J.R.R Tolkien: Son yıllarımızın en çok satanları arasında sık sık yer alan, kitapları filmlere çevrilip birçoklarının favorisi haline gelen yazarın ilk eseri 45 yaşında yayımlanmış.
Selim İLERİ: Türk edebiyatının önemli isimlerinden, birçok eseriyle akıllara yer edinmiş olan Selim İLERİ ilk eserini yayımlattığında sadece 23 yaşındaydı.
Bu örneklerin ardından yazmak için herhangi bir zamanı beklemenize gerek yok. Yazmak sizin hayatta nasıl “demlendiğinize” bağlı bir durumdur. Kısık ateşte demlenirseniz ilerleyen yaşlarda güçlü eserler yazabilirsiniz. Fakat hayat bazen ocağın altını çok açmış olabilir. Eğer siz de hayat tarafından ocağının altı açılmış olanlardansanız ve hızlıca pişmişseniz genç yaşta güçlü eserler yazabilmeniz için önünüzde hiçbir engel yok!

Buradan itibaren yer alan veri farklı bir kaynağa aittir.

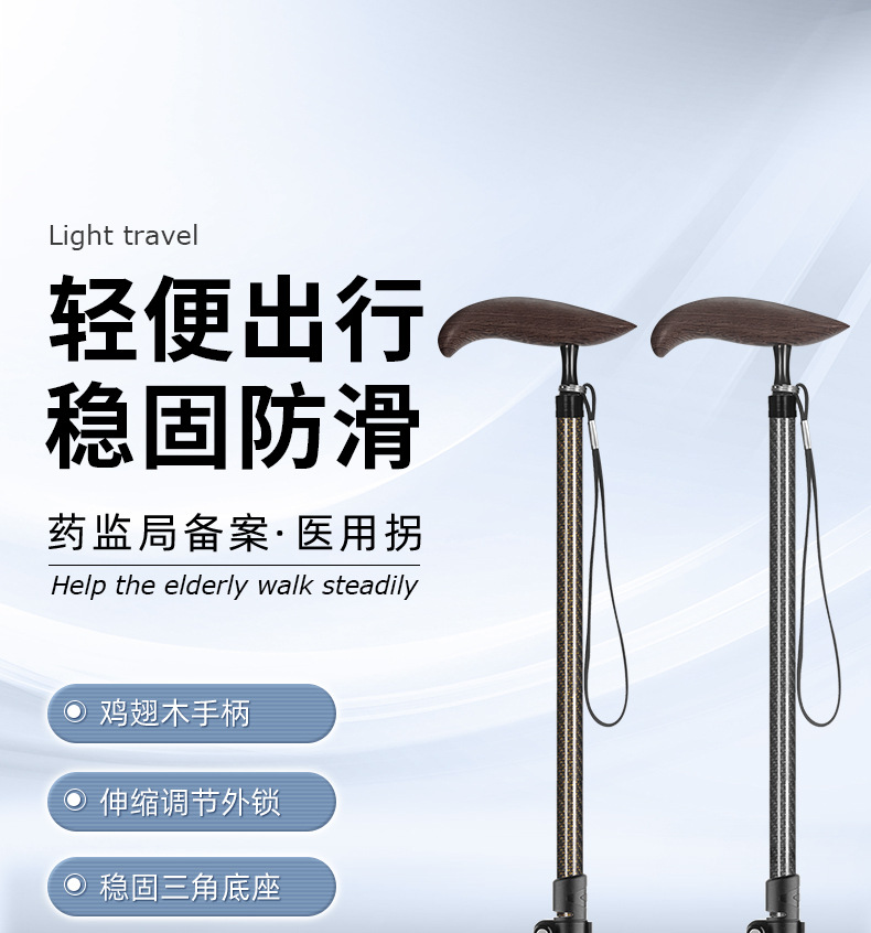 금봉, 4족 탄소섬유 지팡이, 치킨윙우드, 신축성 있는 미끄럼 방지 지팡이, 노인용 초경량 지팡이
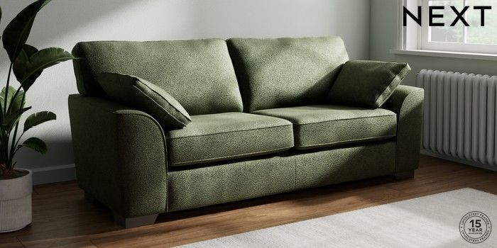 7.3.1 Buy Stamford 3 Seater Sofa Boucle Chenille Dark Moss Green Large Square Angle - Gunmetal from the Next UK online shop Click here to use our accessible website
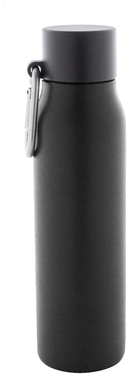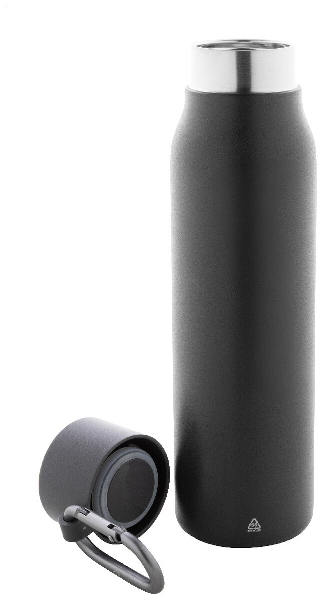 Dvoustěnná vakuová láhev z recyklované nerezové oceli s víčkem z PP a karabinou z recyklovaného hliníku. 500 ml.
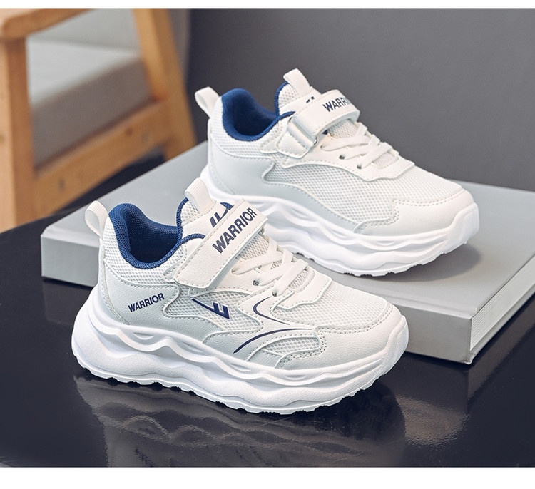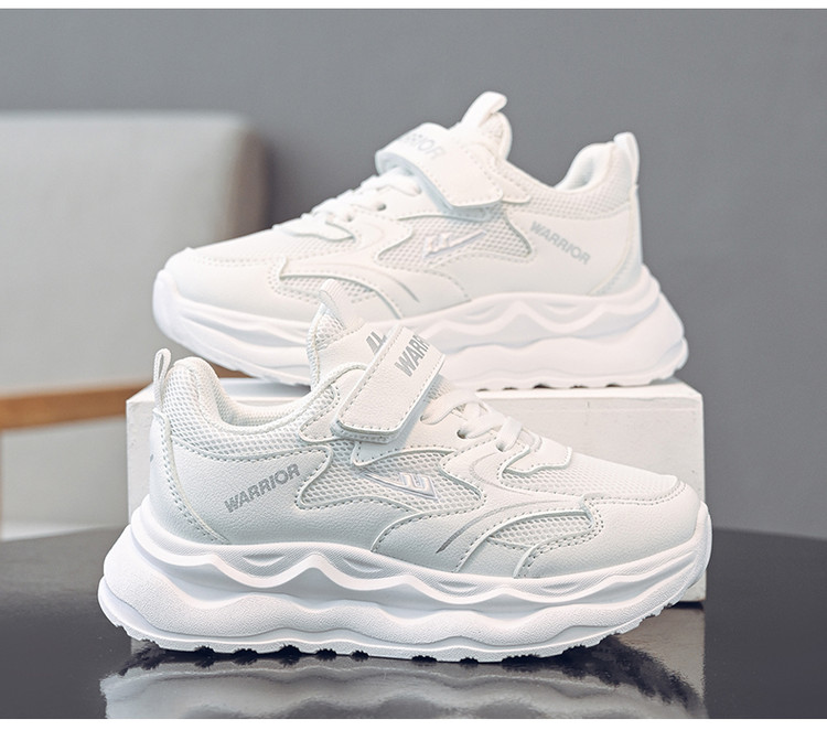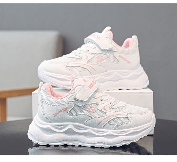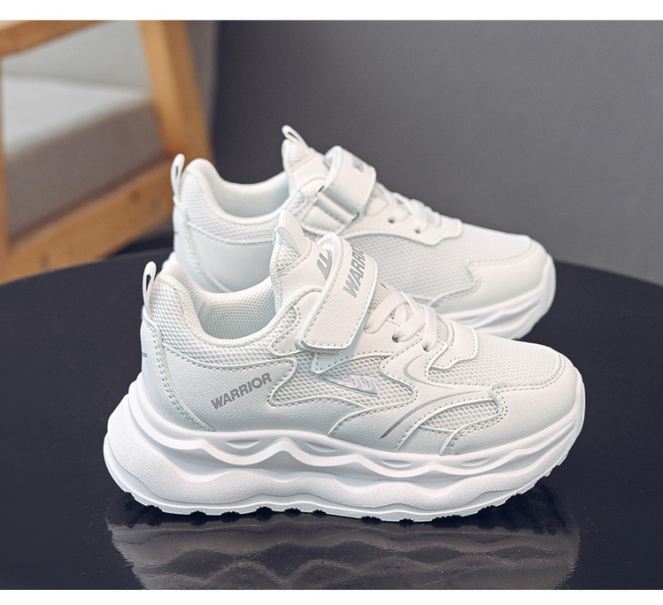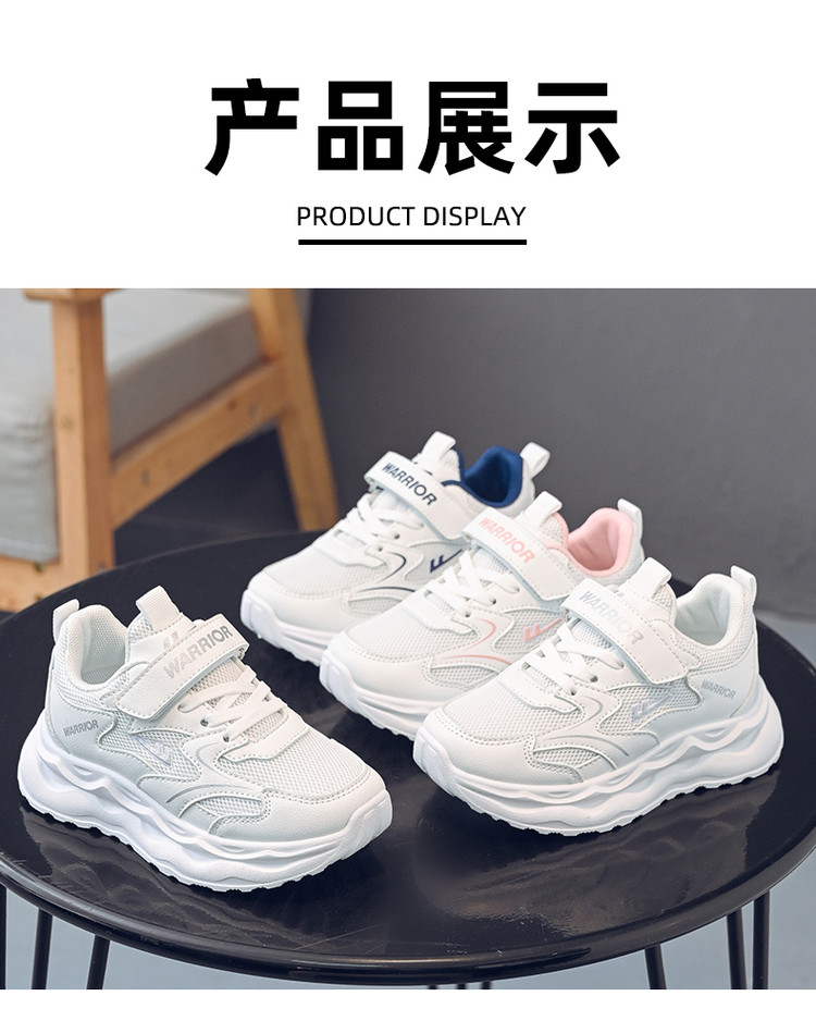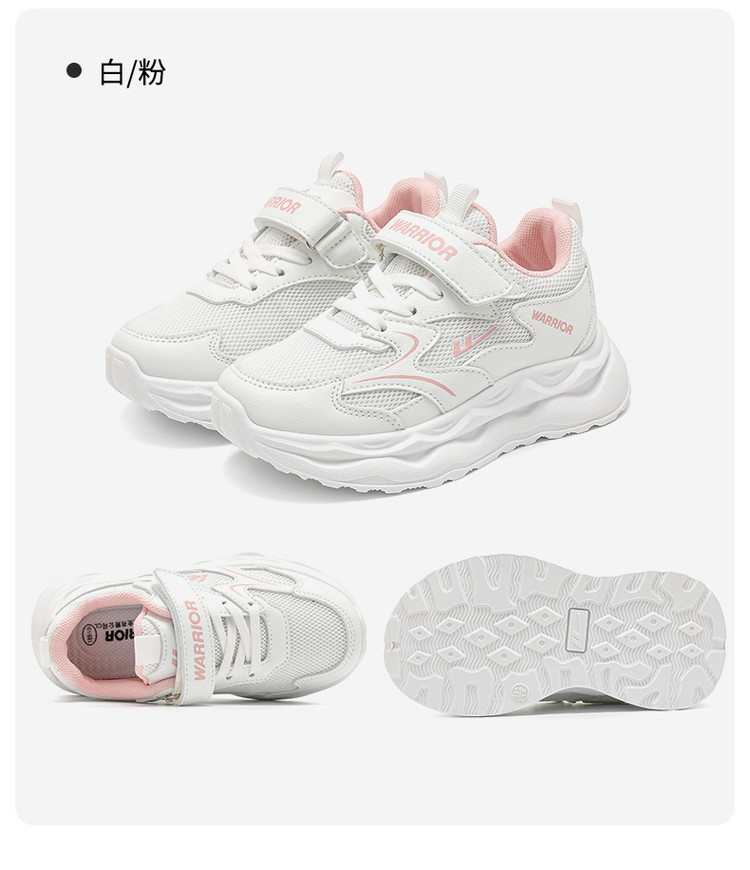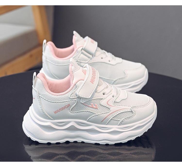男童鞋春季儿童网面透气小白鞋女童魔术贴运动鞋跑步鞋 858390

Sonuç olarak yazmak, hayat boyunca devam edecek bir süreçtir. İnsan yaşamını ilmek ilmek ördüğü gibi yazarlık niteliğini de hayatı boyunca yaşadıklarıyla, okuduklarıyla ilmek ilmek örmektedir. Yaşamak için yazmak, yazmak için yaşamak gerekir!